WHAT YOU SHOULD DO: Skipping all pictures, set down the lines of the listing from the first through the one with "New Delhi: Union".

THE DATA:
^^^^

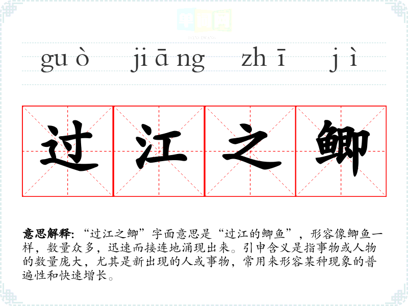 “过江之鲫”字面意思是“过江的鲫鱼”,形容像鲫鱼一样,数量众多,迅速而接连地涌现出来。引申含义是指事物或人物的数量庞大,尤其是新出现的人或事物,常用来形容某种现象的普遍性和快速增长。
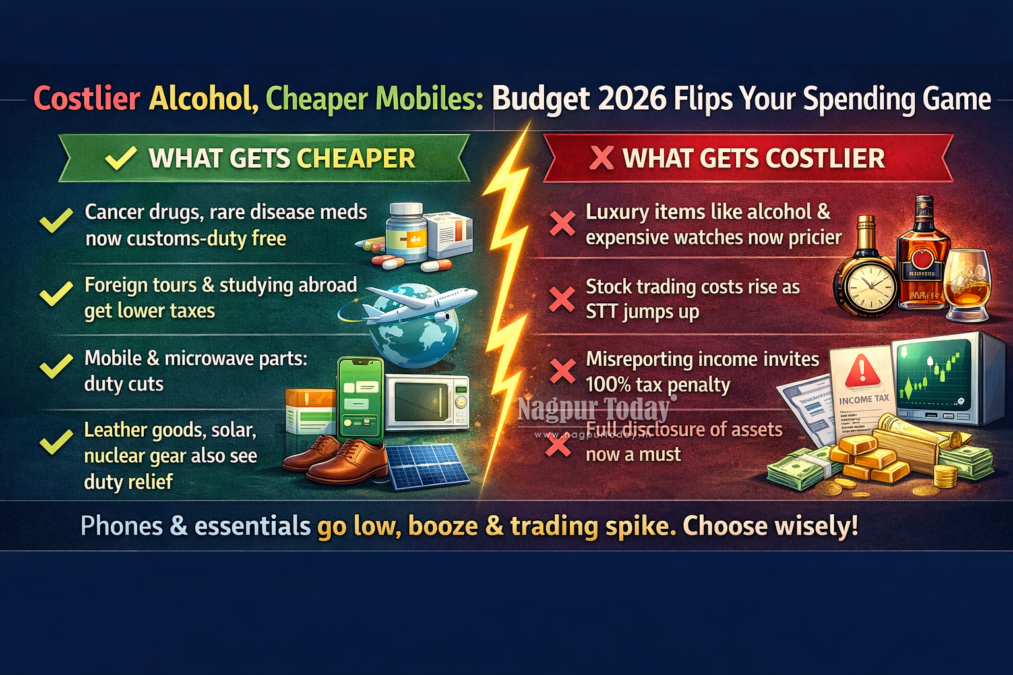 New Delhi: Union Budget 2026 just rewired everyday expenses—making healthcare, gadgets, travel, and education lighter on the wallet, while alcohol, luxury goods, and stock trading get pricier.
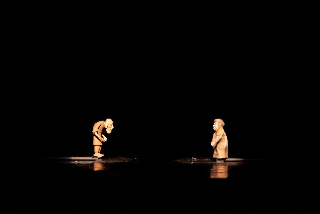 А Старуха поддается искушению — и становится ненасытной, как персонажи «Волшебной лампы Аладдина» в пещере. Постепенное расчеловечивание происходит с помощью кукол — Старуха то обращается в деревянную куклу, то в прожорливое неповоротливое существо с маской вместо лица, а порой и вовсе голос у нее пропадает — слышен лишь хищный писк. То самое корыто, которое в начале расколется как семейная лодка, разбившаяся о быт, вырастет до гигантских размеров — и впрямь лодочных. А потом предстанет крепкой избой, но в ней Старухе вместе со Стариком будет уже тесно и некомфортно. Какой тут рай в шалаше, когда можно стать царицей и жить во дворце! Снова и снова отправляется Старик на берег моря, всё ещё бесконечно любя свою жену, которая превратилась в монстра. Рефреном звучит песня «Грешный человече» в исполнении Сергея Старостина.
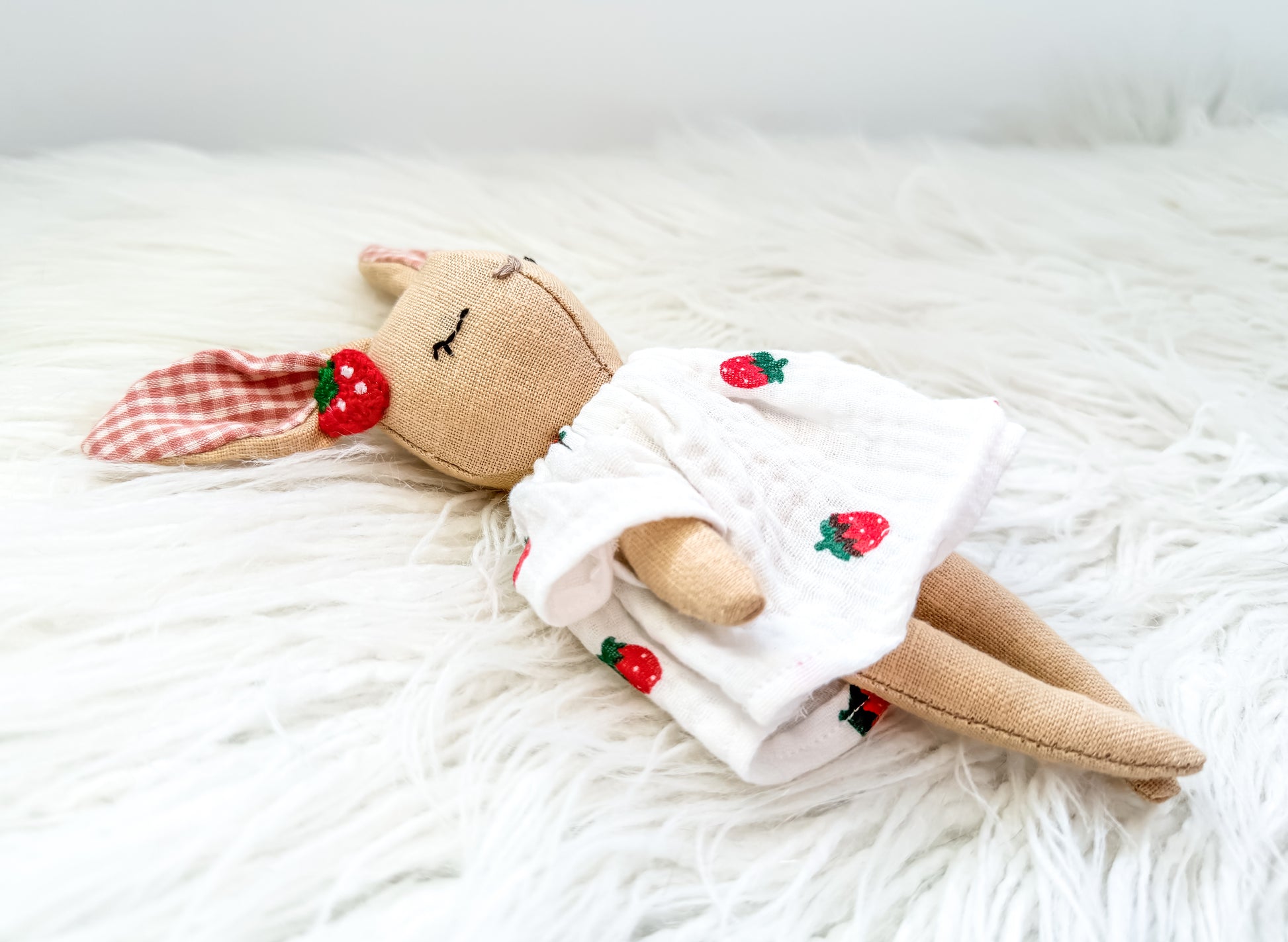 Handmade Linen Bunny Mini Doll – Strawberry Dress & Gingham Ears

^^^^

RESULT OF THE EXERCISE:
 “过江之鲫”字面意思是“过江的鲫鱼”,形容像鲫鱼一样,数量众多,迅速而接连地涌现出来。引申含义是指事物或人物的数量庞大,尤其是新出现的人或事物,常用来形容某种现象的普遍性和快速增长。
 New Delhi: Union Budget 2026 just rewired everyday expenses—making healthcare, gadgets, travel, and education lighter on the wallet, while alcohol, luxury goods, and stock trading get pricier.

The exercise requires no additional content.